Section 162(a) gives you the definition of a trade or business. Regardless of how you want to interpret a publication, Section 162 is the law as passed by Congress. As a further explanation you may want to read Section 1-179-2 of the IRS regulations, page 240 (that's about the sixth page of the linked document), right column, where it tells you that section 162 is the definition of a trade or business for purposes of the 179 deduction and also defines what "active conduct" of the business is. You will notice that in all of these references it is talking about the individual being in a trade (plumber, electrician, or other service) or business (which could be retail or otherwise) that the individual is an owner, either as a sole proprietor, partner or S-Corp owner. In no example or discussion does it define W-2 earnings from someone else's business as be in a trade or business. Those W-2 earnings are called "earned income" not "income from a trade or business."
If you hunt on the internet hard enough you will find that someone will tell you that you can do anything you wish in regards to taxes however that doesn't make it legal. The soucres I gave you are the actual law and regulations from Congress and the IRS.

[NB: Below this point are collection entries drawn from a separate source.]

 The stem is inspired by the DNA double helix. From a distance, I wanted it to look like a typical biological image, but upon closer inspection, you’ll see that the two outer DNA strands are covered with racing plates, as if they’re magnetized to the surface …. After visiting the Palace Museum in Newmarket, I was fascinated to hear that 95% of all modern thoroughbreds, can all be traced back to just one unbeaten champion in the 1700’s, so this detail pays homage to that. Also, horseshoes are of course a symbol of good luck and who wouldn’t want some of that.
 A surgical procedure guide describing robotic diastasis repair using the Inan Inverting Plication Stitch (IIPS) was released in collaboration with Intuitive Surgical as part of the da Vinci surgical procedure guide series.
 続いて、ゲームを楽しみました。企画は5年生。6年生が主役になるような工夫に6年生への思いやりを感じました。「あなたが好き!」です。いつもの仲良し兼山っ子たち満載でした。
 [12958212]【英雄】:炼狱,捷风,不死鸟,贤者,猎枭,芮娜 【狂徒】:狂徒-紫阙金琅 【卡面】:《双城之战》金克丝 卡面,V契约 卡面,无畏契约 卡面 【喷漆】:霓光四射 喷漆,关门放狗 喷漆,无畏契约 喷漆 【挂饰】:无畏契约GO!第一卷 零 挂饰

When you fill out your own tax return, you can basically do anything you wish and hope the IRS doesn't catch it. It is usually much harder to find a professional that will fill out the forms incorrectly for you just because you "think" it is OK.

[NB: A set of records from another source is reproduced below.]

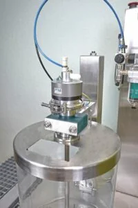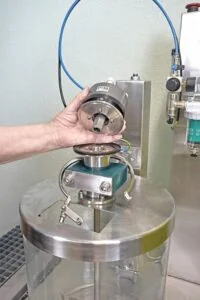 Im Bereich der Pharmazie und dem Labor finden vor allem sogenannte DN Flansche Anwendung. Die Flanschlösung besteht dann letztendlich aus zwei Vorschweiß-Flanschen, die mittels einer Klemme zusammengehalten werden. Durch Öffnen der Klemme können die Rührwerke bequem und schnell vom Behälter und der Rührwelle abgekoppelt werden.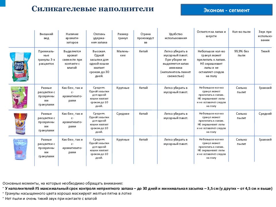 Эконом - сегмент Силикагелевые наполнители Основные моменты, на которые необходимо обращать внимание: У наполнителей FS максимальный срок контроля неприятного запаха – до 30 дней и минимальная засыпка – 3,5 см (у других – от 4,5 см и выше) Гранулы насыщенного цвета хорошо маскируют желтые пятна в лотке Нет пыли и очень тихий звук при контакте с влагой Наличие аромати - заторов Степень удержа - ния запаха Страна производства Внешний вид Премиаль - ные гранулы 3-х расцветок Выделяется аромат свежести при контакте с влагой Высокая. Одной засыпки для одной кошки хватает сроком до 30 дней. Китай Удобство использования Легко убирать в мусорный пакет. При уборке не выделяется запах аммиака (наполнитель пахнет свежестью) Остается на лапах и шерсти Небольшое кол-во гранул может прилипать к лапам. НЕ окрашивает лапы и не оставляет следов на полу Кол-во пыли Звук при использо - вании 99,9% без пыли Тихий Разные расцветки с прозрачными гранулами Как без-, так и с- ароматизато - рами Средняя. Одной засыпки для одной кошки хватает сроком до 10 дней. Китай Китай Китай Легко убирать в мусорный пакет. Размер гранул Малень - кие Крупные Средние Крупные Средняя. Одной засыпки для одной кошки хватает сроком до 10 дней. Средняя. Одной засыпки для одной кошки хватает сроком до 10 дней. Громкий Средний Громкий Сильно пылит Сильно пылит Сильно пылит Небольшое кол-во гранул может прилипать к лапам. НЕ окрашивает лапы и не оставляет следов на полу Небольшое кол-во гранул может прилипать к лапам. НЕ окрашивает лапы и не оставляет следов на полу Небольшое кол-во гранул может прилипать к лапам. НЕ окрашивает лапы и не оставляет следов на полу Легко убирать в мусорный пакет. Легко убирать в мусорный пакет. Разные расцветки с прозрачными гранулами Как без-, так и с- ароматизато - рами Разные расцветки с прозрачными гранулами Как без-, так и с- ароматизато - рами
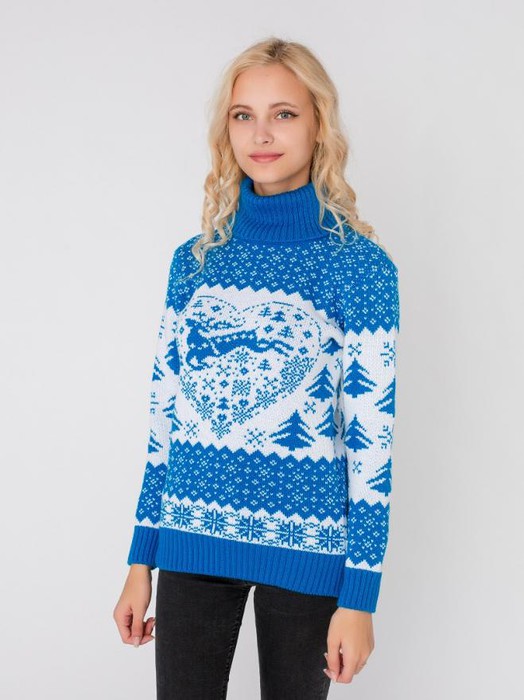 Совместные покупки Курган Женская одежда Джемперы, свитеры, водолазки — ESENIA Водолазка женская полушерстяная Олени - Бирюза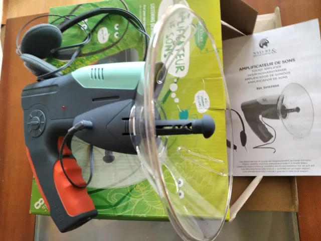 Detalles del productoAmplificador de sonidos de la marca Nature & Découvertes, con auriculares incluidos. El dispositivo tiene un diseño ergonómico y un plato recolector de sonido.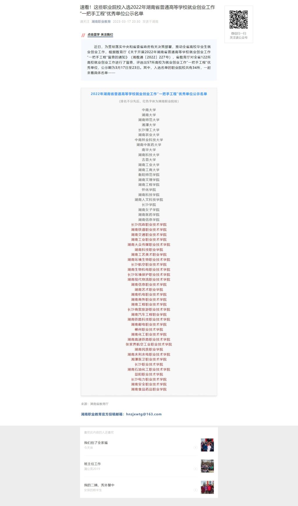 3月17日,微信(湖南职业教育)发布《速看!这些职业院校入选2022年湖南省普通高等学校就业创业工作“一把手工程”优秀单位公示名单》

Thank you for the link to 1-179-2 as that clearly answers my question, but it isn't on page 6, it's on page 7.
From Page 7:
(iv) Employees. For purposes of this
section, employees are considered to be
engaged in the active conduct of the
trade or business of their employment.
Thus, wages, salaries, tips, and other
compensation (not reduced by unreimbursed
employee business expenses) derived
by a taxpayer as an employee are
included in the aggregate amount of
taxable income of the taxpayer under
paragraph (c)(1) of this section.
And paragraph (c) (1) of this section is the one that talks about the taxable income limit:
(c) Taxable income limitation—(1) In
general. The aggregate cost of section
179 property elected to be expensed
under section 179 that may be deducted
for any taxable year may not exceed
the aggregate amount of taxable income
of the taxpayer for such taxable
year that is derived from the active
conduct by the taxpayer of any trade
or business during the taxable year.
Just for giggles, I went into my tax prep package and entered a bogus return for 2011 and it appears you are right - I didn't read far enough! The W-2 wages were added to the Sch C revenue for the business income limitation on line 11 of Form 4562. I should have done that before all of this started! Now all you have to do is convince your CPA. Giving him a copy of the reg may help.